May 20, 2016

Exploring metal subgenres with Python

  • scraping
  • data exploration
  • metal
  • clustering

Today’s post is about an exploratory analysis of metal band subgenres based on data scraped from the web. If you’re too impatient and want to dive right in, choose one of the links below. If you like context, or are confused right now, read on. Fear not, you don’t have to like metal music to appreciate the analysis.

Github repo containing the Jupyter notebook and some data

HTML rendering of the notebook

Metal subgenres?

The internet lets people share music from all over the world. I am a huge fan of metal music, as there is often high standard of musicianship. I have also been playing guitar for going on 15 years. I know a lot of the metal I listen to is made by bands from many different countries. I can think of metal bands I love from Sweden, France, Germany, Italy, Canada, Austrailia, the UK, and Norway just off the top of my head. While specific genres often grow out of a certain regional scene, there is no absolute rule that confines genres geographically. For instance, you don’t have to be from Norway to start a black metal band.

Within the blanket of metal there are numerous subgenres that overlap, separate out, and merge with one another over time. Go to any metal forum on the internet and you’re bound to find flame wars debating where certain bands fall within subgenres or where the boundary of one subgenre ends and another begins. The truth of it is that these categorizations are fuzzy and subjective. A single band can often traverse genres across subsequent albums or even within a single song. Or they might be the same throughout their entire career. Music is very personal as well, readily stoking the flames of debate. On top of it all, the words we use to describe metal subgenres can also be limiting compared to the information contained in a sound, a song, or an album. Despite all this, it is generally accepted that distinct subgenres do exist.

Luckily, there is the Metal Archives (M-A). An extraordinarily comprehensive user-contributed repository of information on metal bands. It has everything from band names with countries of origin, to timelines of lineup changes, to numerically scored album reviews. They also have a genre description for each band on their site. Just what we need to make definitive conclusions about genre memberships! As far as I know, the Metal Archives is the largest compendium of data on metal bands and I believe it is all user-contributed. That said, a huge thank you to the maintainers of the Metal Archives and all of the users who have contributed to it!

Scraping

The script MA_scraper.py downloads only the information presented when you browse bands alphabetically.

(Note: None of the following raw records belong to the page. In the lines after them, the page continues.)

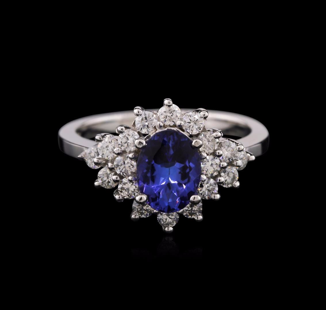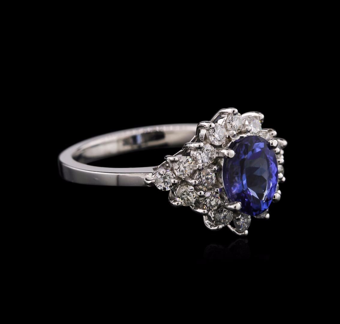 One electronically tested 14KT white gold ladies cast tanzanite and diamond ring with a bright polish finish. Identified with markings of "14K". Condition is new. Containing: One prong set oval modified brilliant cut natural tanzanite, measuring 8.00 x 6.20 x 4.03mm, approximate weight of 1.40ct., clarity is eye clean, type I, medium light, very slightly grayish, violet color, (GIA V 4/3), cut is good. Eighteen prong set round brilliant cut diamonds, measuring 2.10 - 2.10 x 1.26mm (depth est.) approximate total weight of 18 Stones = 0.72ct. Clarity: SI-2 to I-1. Color: G - H, Cut is Good. Colored gemstones are presumed to have been subjected to commonly used enhancement processes. All diamonds and colored gemstones are graded in the mounting, unless otherwise stated. Total Weight of Colored Stones 1.40ct. Total Weight of Diamonds 0.72ct. Total Weight of Ring 4.40 grams. GGL Appraised at $3,320.00.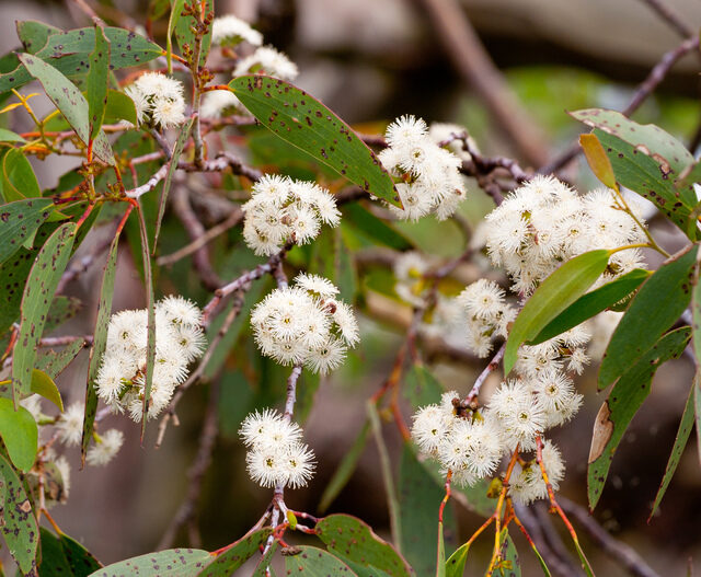 A large shrub or small to medium-sized tree native to the Grampians mountains of southwestern Victoria, Australia with thick, leathery foliage and clusters of cream colored flowers. In habitat it grows in subalpine areas to the tree line and is usually heavily covered in snow during winter. It is one of the hardiest Eucalyptus and will succeed in temperate climates in USDA Zones 8 to 10. Seeds may benefit from cold stratification for 2 months after sowing. To produce stable trees, seedlings must be planted in their second year, when only 30 cm or so tall.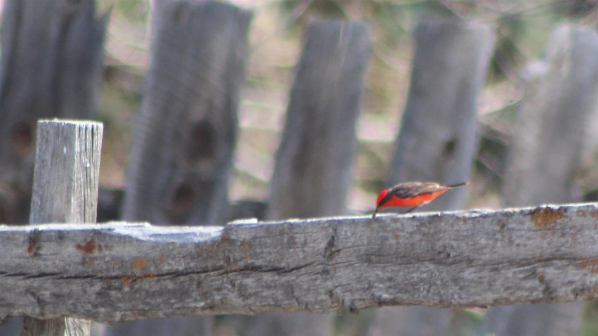 This beautiful bright red male bird had a black mask extending from the bill through the eye to blend in with the black back, wings and tail. The bird was seen flycatching and also plucked a caterpillar from the ground, banging it against the fence several times and then consuming it. This was the only vermilion flycatcher seen, and we didn't hear him vocalize.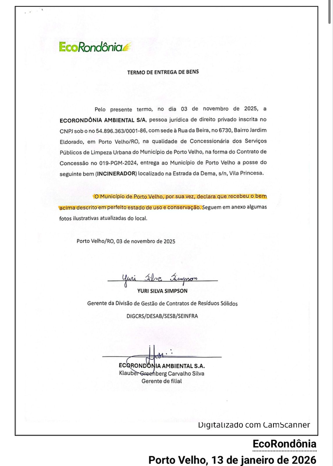 A EcoRondônia reafirma seu compromisso com a legalidade, a eficiência operacional e a transparência, e informa que documentos, registros técnicos e imagens comprovam a regularidade da entrega do equipamento.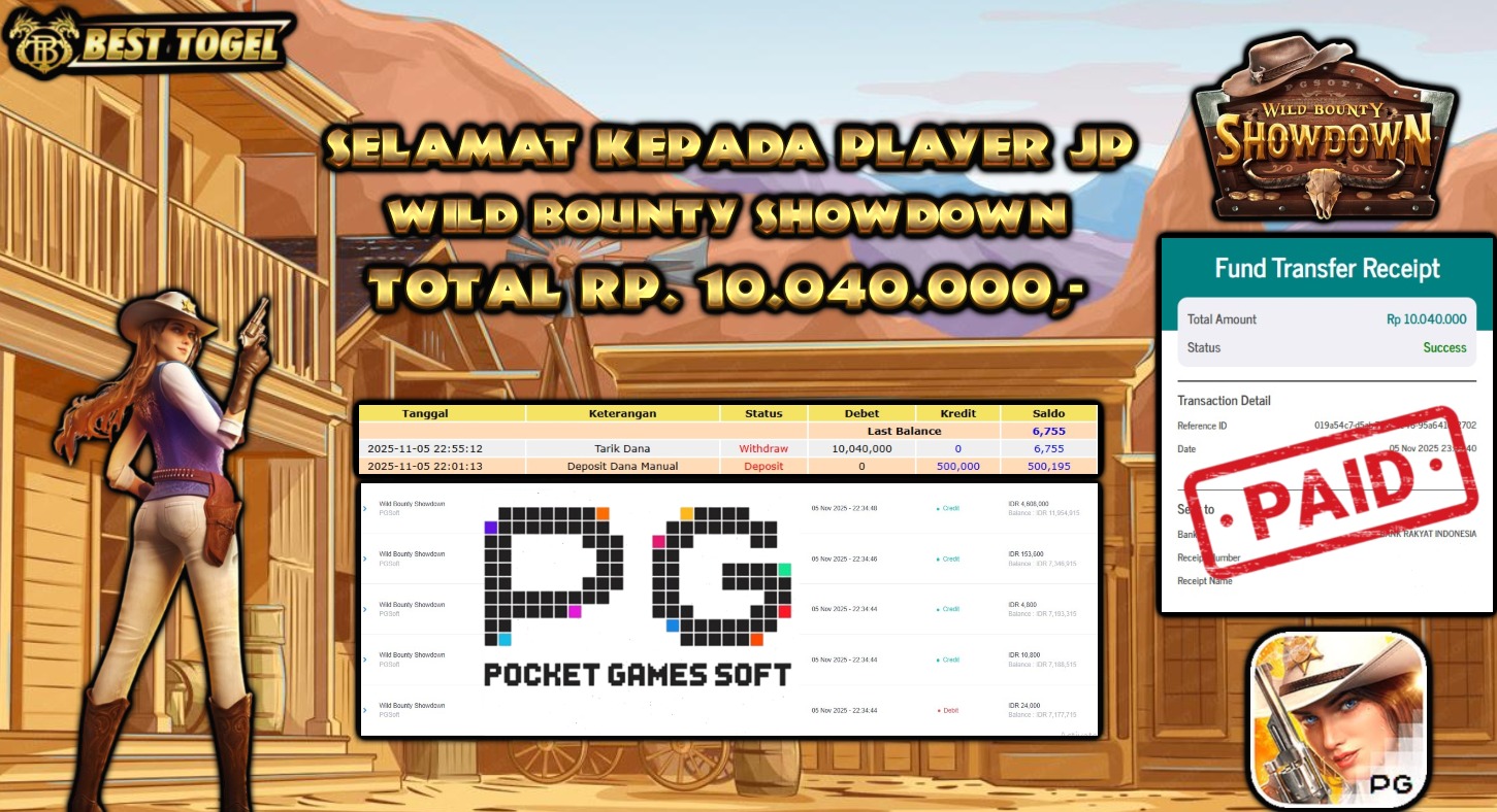 Selamat kepada User id : F2R****** Telah berhasil mendapatkan kemenangan besar pada permainan SLOT WILD BOUNTY SHOWDOWN dengan total kemenangan Sebesar Rp 10.040.000 ,- Setelah mengisi formulir withdraw dengan kurung waktu hanya 5 – 10 menit pihak BESTTOGEL sudah melakukan transfer kepada pemilik Userid dan dana sudah dapat di cairkan oleh pemenang. Bukti pembayaran yang kami berikan merupakan bukti pembayaran yang SAH / VALID yang langung di dapatkan melaui tanda transfer transaksi dari Bank yang di tuju.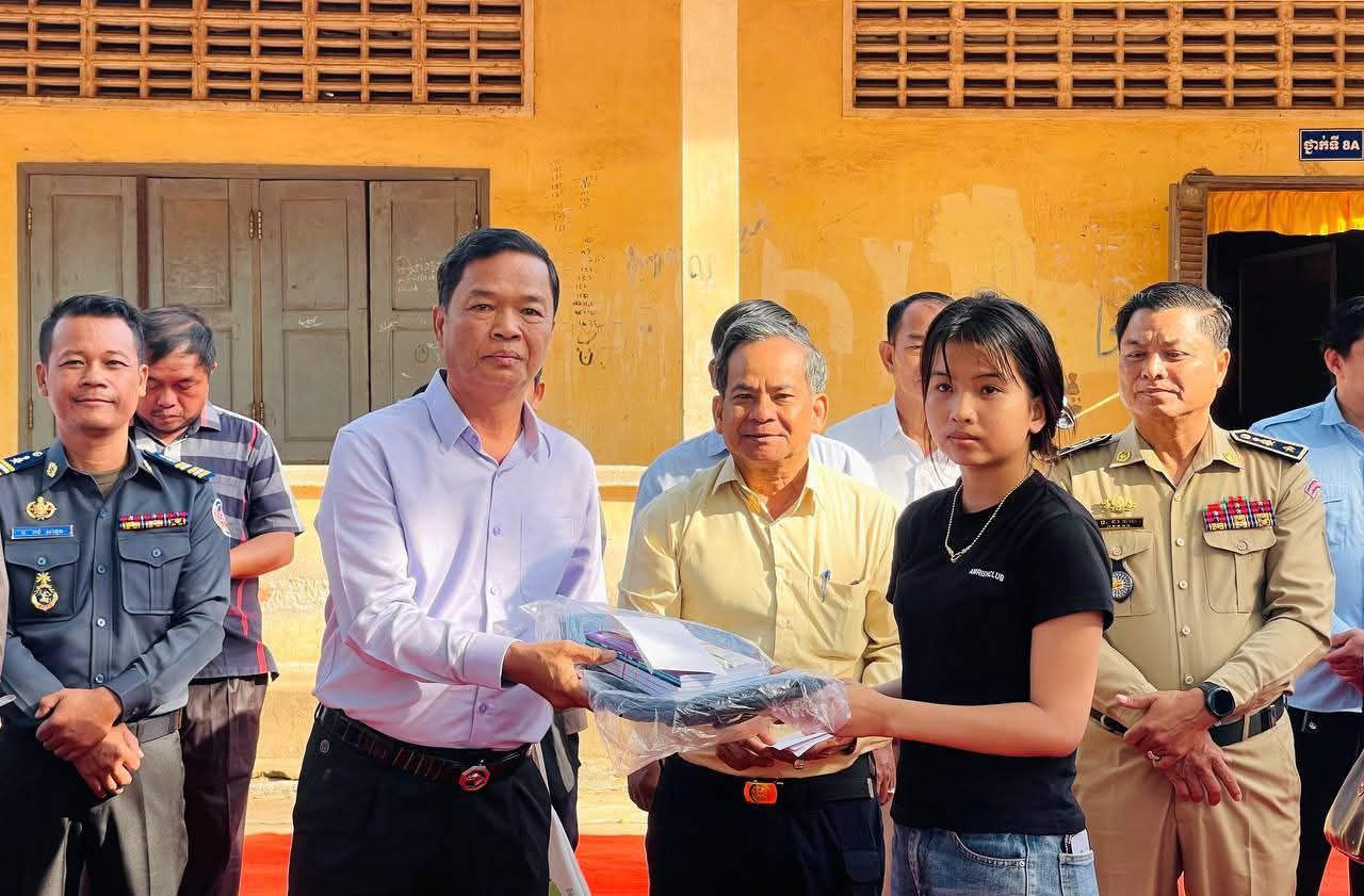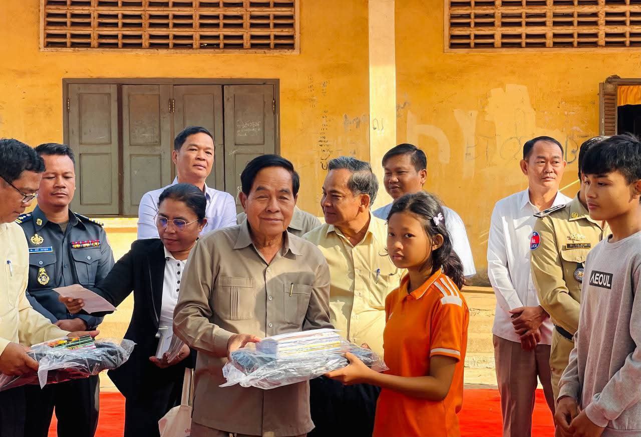 ក្នុងឱកាសនោះដែរ លោកអភិបាលរងខេត្តក៏បាននាំយកម្ភារៈសិក្សា និងថវិកាមួយចំនួនដែលជាអំណោយដ៏ថ្លៃថ្លារបស់សម្ដេចមហាបវរធិបតី ហ៊ុន ម៉ាណែត នាយករដ្ឋមន្ត្រីនៃកម្ពុជា និងលោក ពេជ្រ ចន្ទមុន្នី ចែកជូនក្មួយៗសិស្សានុសិស្សទាំង ៤៨នាក់ផងដែរ។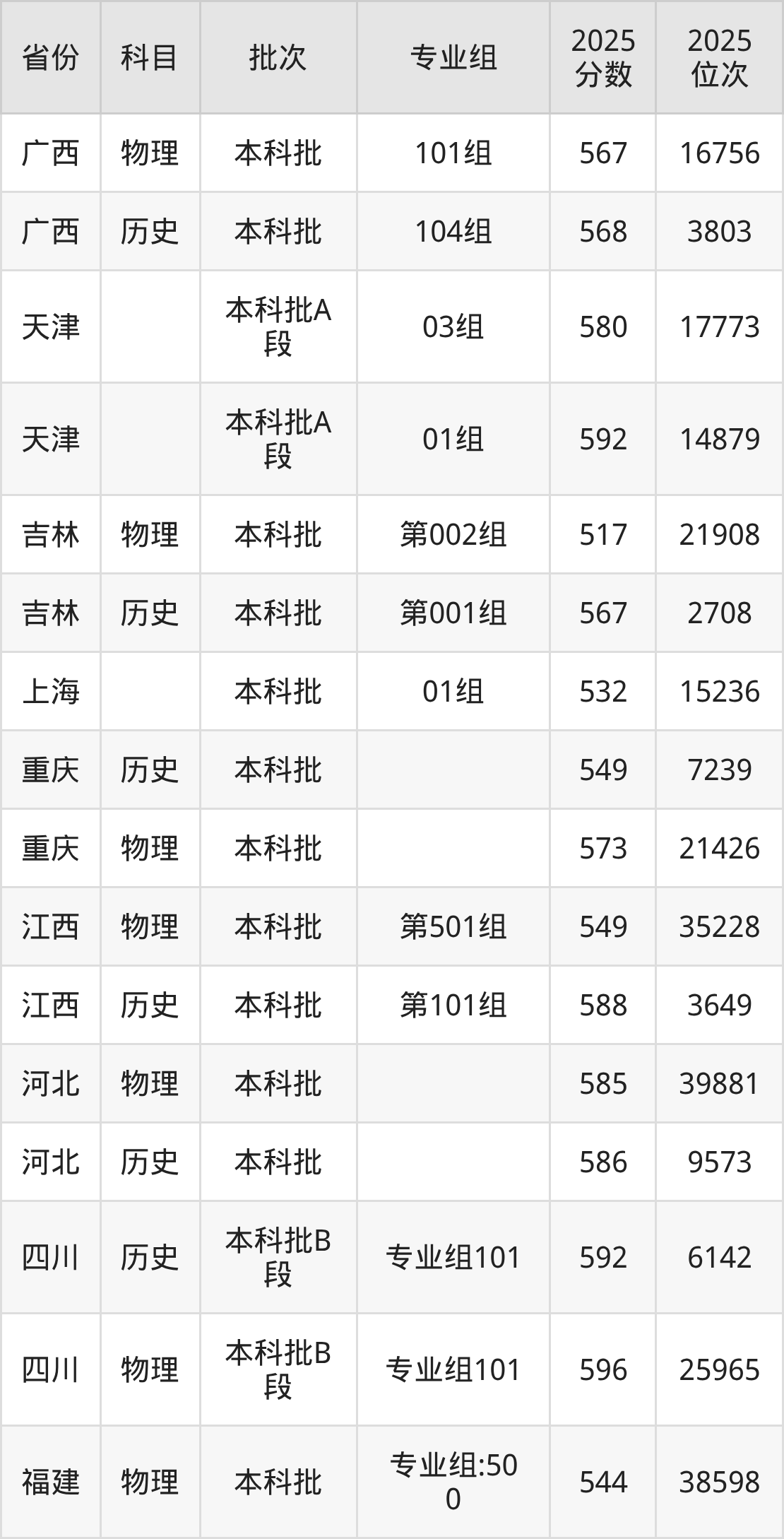 2025年投档录取最低分为565分,录取最低位次为17126名。
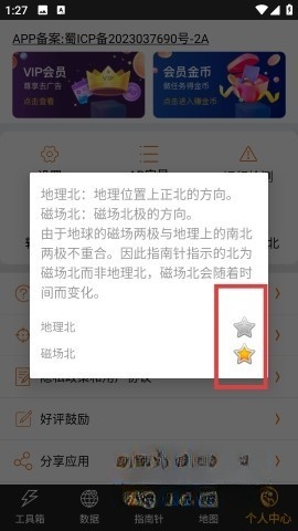 3、点击设置地理北时,会弹出说明框,明确区分地理北与磁场北的差异,用户可根据自身需求选择切换,进而让定位方向更精准。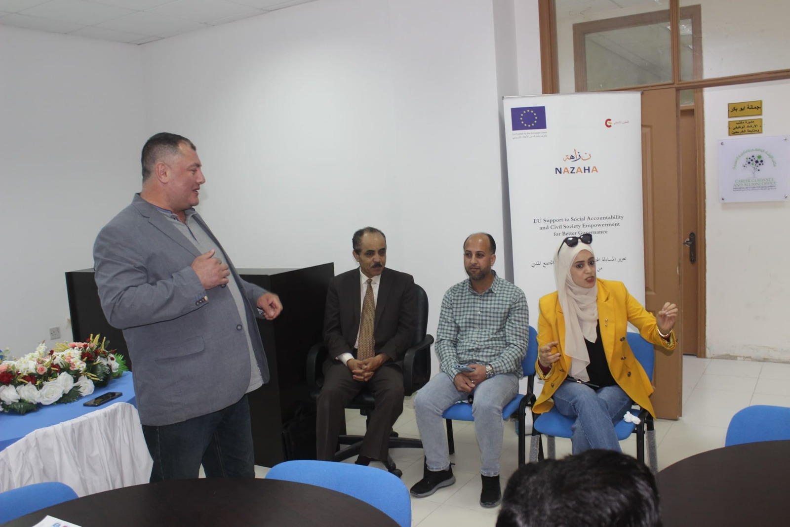 نظم مكتب الإرشاد الوظيفي ومتابعة الخريجين التابع لعمادة شؤون الطلبة في جامعة عجلون الوطنية بالتعاون مع أكاديمية التنمية المتكاملة للتدريب والاستشارات الممثلة بالمدير العام الدكتور عبدالله مصلح، ورشتي عمل توعويتين ضمن محاور “الانتخابات: المشاركة المدنية والمسؤولية ” و”حقوق وواجبات ومسؤوليات الشباب”، بحضور الباحثة في الشؤون السياسية الدكتورة شيم المجالي، وعميد كلية الآداب الأستاذ الدكتور محمود الصبح، والدكتور خالد الشريدة، ومديرة مكتب الإرشاد الوظيفي ومتابعة الخريجين الدكتور جمانة أبو بكر، وعدد من طلبة الجامعة.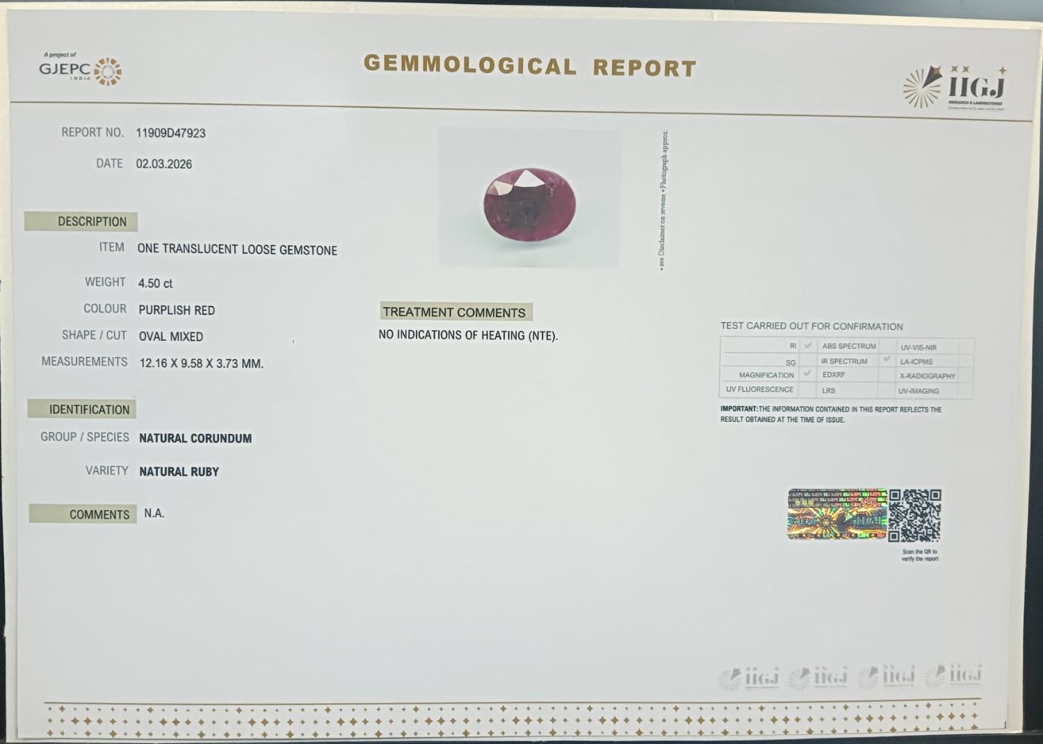 Beautiful 4.5 Cts Natural Ruby (AAA-Mines) sva 5+ Ratti RUBY. Free Horoscope & Free Pundit Ji Astrological Advise / Consultation. Original Natural Lab certified gems by IGI GTL / Birth stones / Large Gem Selection of shree shubh Rashi Ratan Vedic dhan at Gem Mines. May Bhagwan Brahma, Vishnu, Shiv & Universe bless you.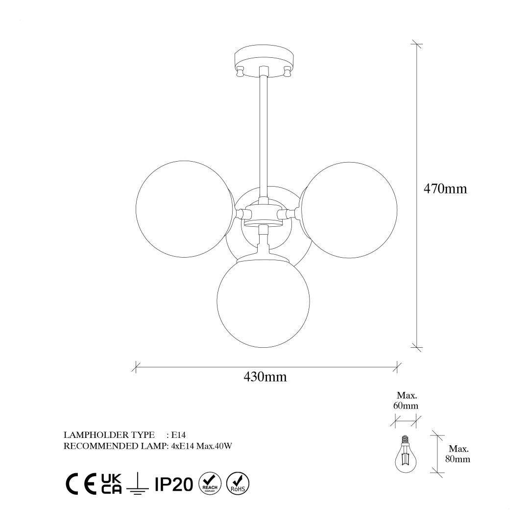15 cm läbimõõduga klaaskork hajutab valguse kaunilt, luues lummava väljapaneku, mis võlub teie külalisi. Lühtri suurus 43 x 43 x 47 cm teeb sellest täiusliku eseme igasse ruumi, lisades sellele suurejoonelisust ja luksust.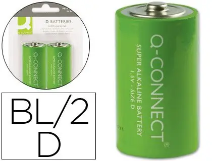 Pila Q-Connect Alcalina D -Blister con 2 Pilas Económico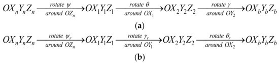 The coordinate frame is the research foundation of SINS. The SINS attitude transformation matrix is usually related to two important coordinate frames: body frame (b-frame, Right-Front-Up, RFU) and navigation frame (n-frame, East-North-Up, ENU). The b-frame is fixed onto the vehicle body and rotates with it. The outputs of IMU are expressed with respect to the b-frame. The n-frame is the reference frame that performs navigation calculation. Other coordinates used in this paper are the Earthframe (e-frame) and the inertial frame (i-frame). The outputs of IMU of SINS should be transformed from b-frame to n-frame for navigation calculation using the attitude transformation matrix. The vector rb with respect to b-frame can be transformed to rn with respect to n-frame:

This includes each band’s name (with a link to the band’s M-A page), country of origin, genre, and status (active, split-up, changed name, on hold, unknown, or disputed). The data was scraped on 2016-04-01 and consists of a little over 100,000 bands.

Exploring

I started out just wanting to write a web scraper for the Metal Archives. After realizing that there was an incredibly huge amount of information up there, I decided to start with just basic band information. The most interesting of which to me was the genre description. Initial exploration of the data led me to three general questions:

  1. What groups of subgenres exist semantically?
  2. What words or terms define these groups?
  3. How are they all related?

The exploratory analysis I ended up with hits on these primary questions with a few interesting detours along the way. This took me through topics such as NLP, dimensionality reduction, clustering, basic graph theory, and of course data visualization.

What I found

Through exploring the data it became obvious that distinct groups or clusters of metal subgenres existed within the data set. These clusters are all based on semantic relationships between genre labels. What was surprising was the degree of structure within the data. There are some groups that overlap with neighboring groups, while there are other groups that are almost entirely isolated. This is a very exicting result given that the only underlying assumption I held was that subgenres exist (a fairly benign and obvious statement).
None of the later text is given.